01/04/2026 : Ergot Project - A Family Secret

Ergot Project
A Family Secret
rock progressif / gothique - 46:53 - Italie 2025
Ergot Project a été créé en 2014 par Christian Marras, touche-à-tout, reprenant les Beatles en mode électro-heavy-prog. ll s’entoure de Pat Mastelotto sur ce 2e opus livrant un album concept sur l’histoire de Billy Milligan, homme aux multiples identités, schizophrène, d’où ces voix travaillées luttant entre peur, désir, angoisse et frustration. La pochette avec un dessin d'enfant évocateur aux multiples têtes, la musique bigarrée de rock progressif électronique, atmosphérique.
«A con Man» entame avec l’empreinte sonore, Chapman Stick et frappé syncopé des pads sur un vocal lugubre. «I hope I didn't hurt anybody» voix off sur King Diamond, les sorcières, le clavier lancinant, sur les expériences parallèles à grands coups de chœurs gospel inquiétants. Des sonorités crimsoniennes électroniques bigarrées et le vocal sur Bowie, envoûtant avec ce chœur entêtant. «Do not R.I.P.» bruit de pelle, souffle musical stéréo angoissant. Un creuset de Gabriel, Talking Heads, avec cette vibration visqueuse de la Chapman en transe, effet mantranique des Chroma Key. «A perfect gentleman» sur la même trame langoureuse, rock prog invasif à traînées métalliques. Les pads amplifient l’air dépressif, dark prog envoûté, hystérique à cris walliens. «Rage» devient alternatif, soufflant la braise mélancolique, avant-gardiste sur une voix pouvant rappeler Alice Cooper. Du dark à cris de sirènes au loin. «Again» répétitif, sombre, oppressant où le rythme s’accorde au bruit du cœur étouffant.

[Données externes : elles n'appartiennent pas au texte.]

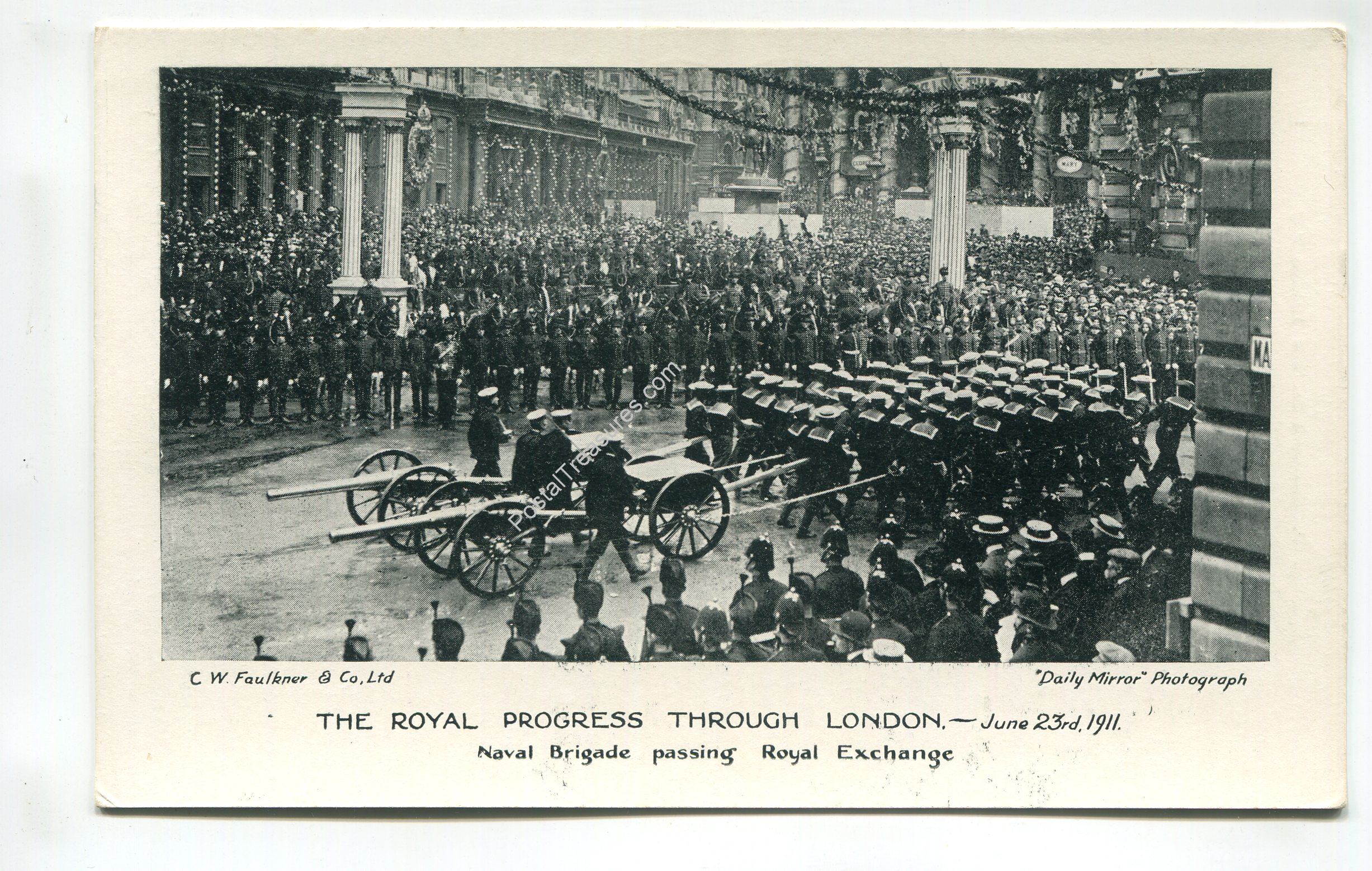 Naval Brigade passing Royal Exchange Royal Progress through London June 23rd 1911 postcard
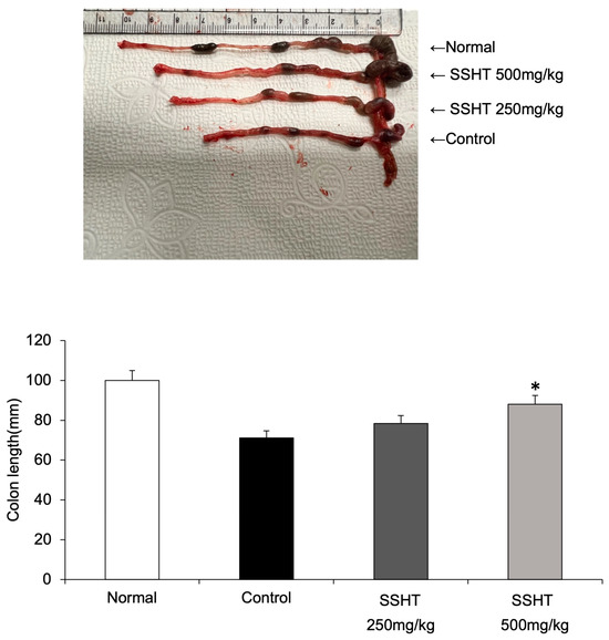 Effect of SSHT on colon length in dextran sodium sulfate (DSS)-induced colitis model mice. Colon length was measured on the last day (day 10 of DSS treatment). The colon was dissected between the ileocecal junction and the proximal rectum, close to the subpelvic passage. The colon was placed on a non-absorbable surface, and its length was measured with a ruler while ensuring that the organ was not stretched. Representatives of one out of three similar independent experiments are shown per group. * p < 0.05 vs. control group.
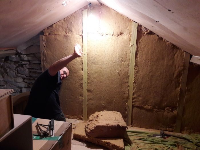 La difficulté, à ce stade dit des "finitions", et même si le chantier est loin de se terminer, est d'aller au bout, de choisir une pièce à la fois... Pour le moment, il s'agit des combles, du Hall / bibliothèque, ainsi que d'une pièce fort utile : les toilettes de l'étage. Après l'isolation laine de bois, nous en sommes au stade enduit de terre crue, petite "menuiserie"... L'étape suivante sera une douche... tadelakt... encore une énigme à aborder... J'avance doucement en cette période de confinement, me familiarisant avec la matière ... je tiens à remercier Bruno qui est venu donner un sacré coup de main en février, et tous les autres... la maison est emplie de leur présence.
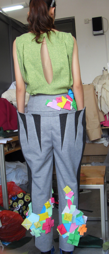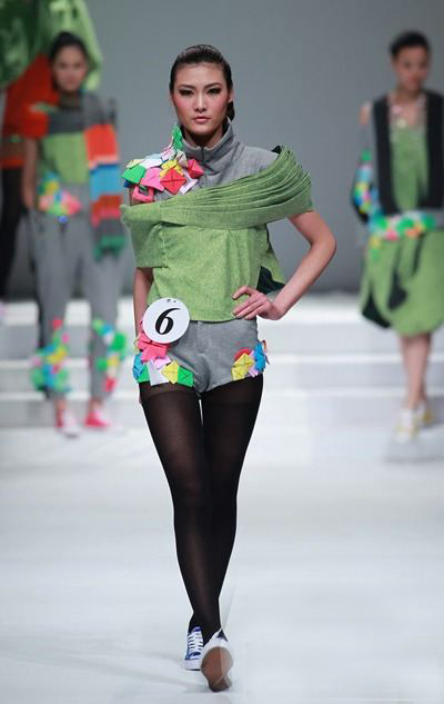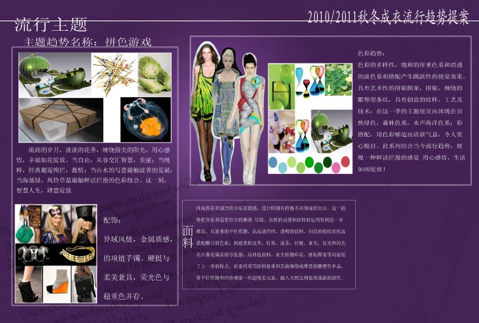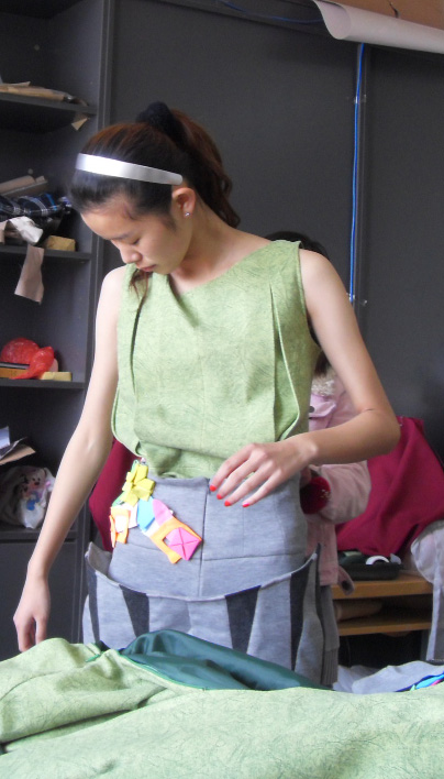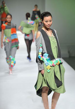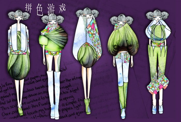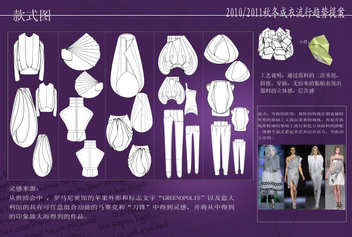此次比赛中王倩同学的设计作品灵感来源于世博会中,罗马尼亚馆的苹果外形和标志文字“GREENOPOLIS”以及意大利馆的具有可任意组合功能的马赛克和“刀锋”等。接到入围通知后,在第一工作室邹渊老师、顾振美老师的指导下,工作室内迅速组成了由王倩,李辉,李连辉的设计制作小组,在面对如此复杂的设计精神到物质转化的过程中,同学们攻克一个又一个技术难关,经过一个月的努力,王倩同学经过《2010/2011秋冬成衣流行趋势提案》、成衣作品展示、立体裁剪等三个部分的评比后,最终在比赛中获得优秀奖。
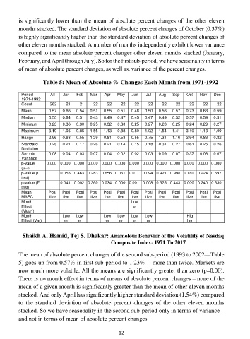 Table 5: Mean of Absolute % Changes Each Month from 1971-1992
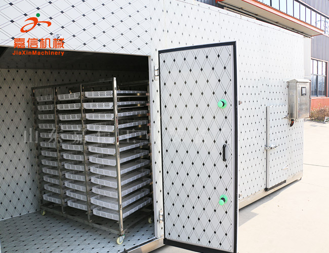 首先將脫青皮8小時後的核桃推入烘房,溫度控製在高達30-35℃烘12小時個,過程中注意排濕(shī),果殼表麵水分散(sàn)失,顏色由黑褐轉為褐色時排濕結束。 此後升溫到 45-50℃烘(hōng)烤12小時(shí)特,征(zhēng)為敲開核果後果內無水汽,仁已定色,七成幹。後溫度控製在30℃,約16個小時即可,含水量達10%左右。堅(jiān)果相互碰撞時,聲音脆響,橫隔膜易折斷,核仁酥脆。在常溫下,相對濕度60%的堅果平均(jun1)含水量為8%,核仁約4%,便達到幹燥指標。
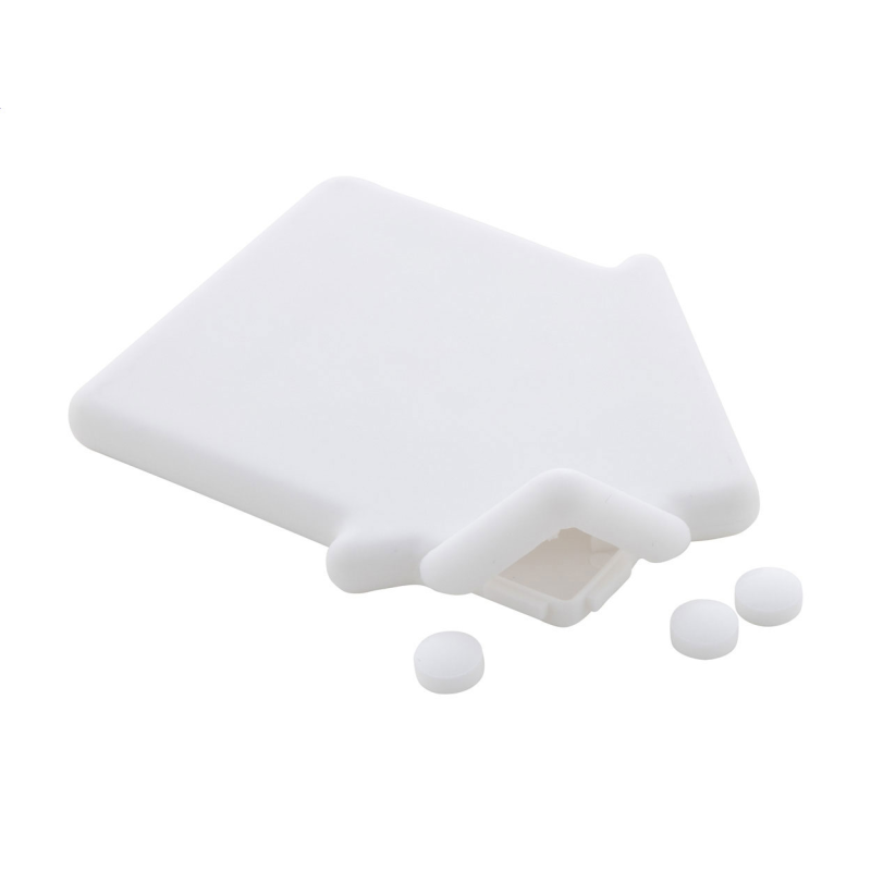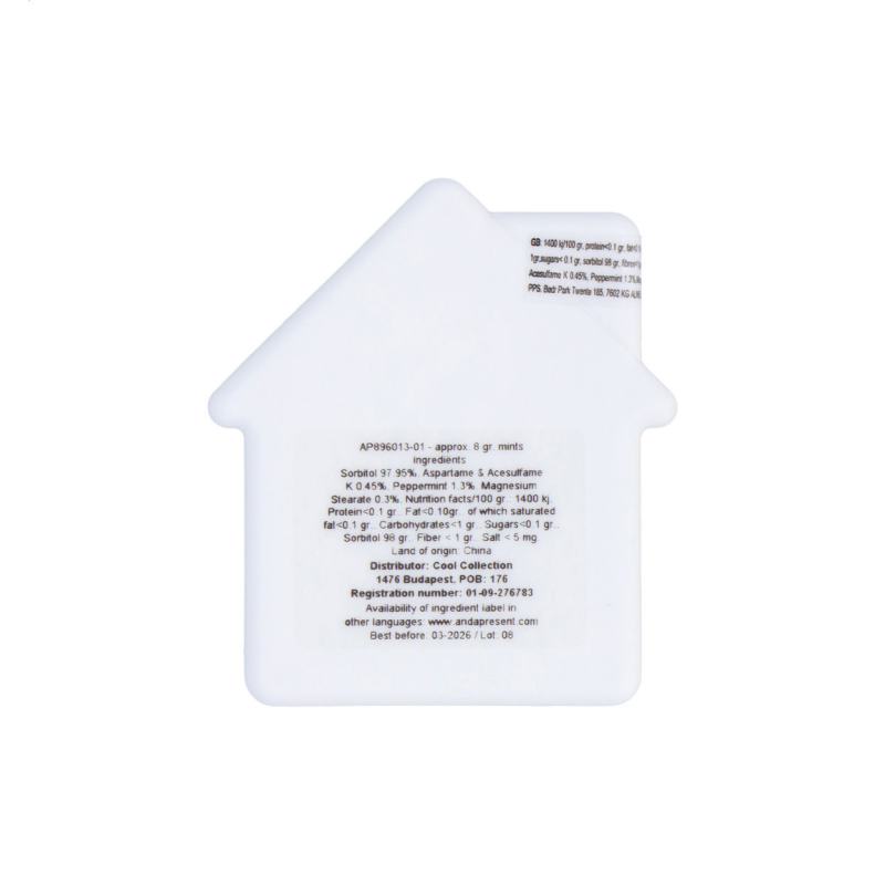 Házikó alakú műanyag cukorka adagoló, kb. 8 gramm cukormentes mentolos cukorkával.

Beau moment s’enfonçant dans le doom langoureux.
«On the spot» avec sa toux rauque, ses voix diffluentes susurrées, l’air narquois, genre déambulation dans le cortex avec la sirène de l’Interdit en fond. «The one who stands in the corner» mode western doom aérien, vocal crooner sur Nick Cave et castrat. Une douce tension oxymorienne crescendique flirtant avec le post-rock avec un final mid-tempo contemplatif. «The sweetest lullaby ever» entame cinématique, montée des escaliers, bip digne des B-52’s. Le son dégénère comme les voix s’entrechoquant, Cooper morbide. Ça crie, vocifère, montre le désarroi du crescendo malaisant. «The tenth» en final réverbérant, mi-metal indus, mi-gothique désespérant. L’ode longue suite éprouvante au son riche, progressiste et cinématique avec la rythmique d’enfer sur des sirènes hurlantes. Un vocoder wallien stressant, symbole de fin du monde, jusqu’au dernier souffle, nous accompagne.
Ergot Project propose un son labyrinthique varié, des airs angoissants, sombres en mode dark music. La patte crimsonienne s’infiltre, relent de Fripp, OSI avec un climat tendre, brut. Un album kaléidoscope, intriguant et jouissif. De la folie musicale rappelant l’univers de TDW, O.R.k., sur l’allégorie de la maladie mentale, source créative. De très bons titres pas assez exploités qu’il fallait narrer même avec retard.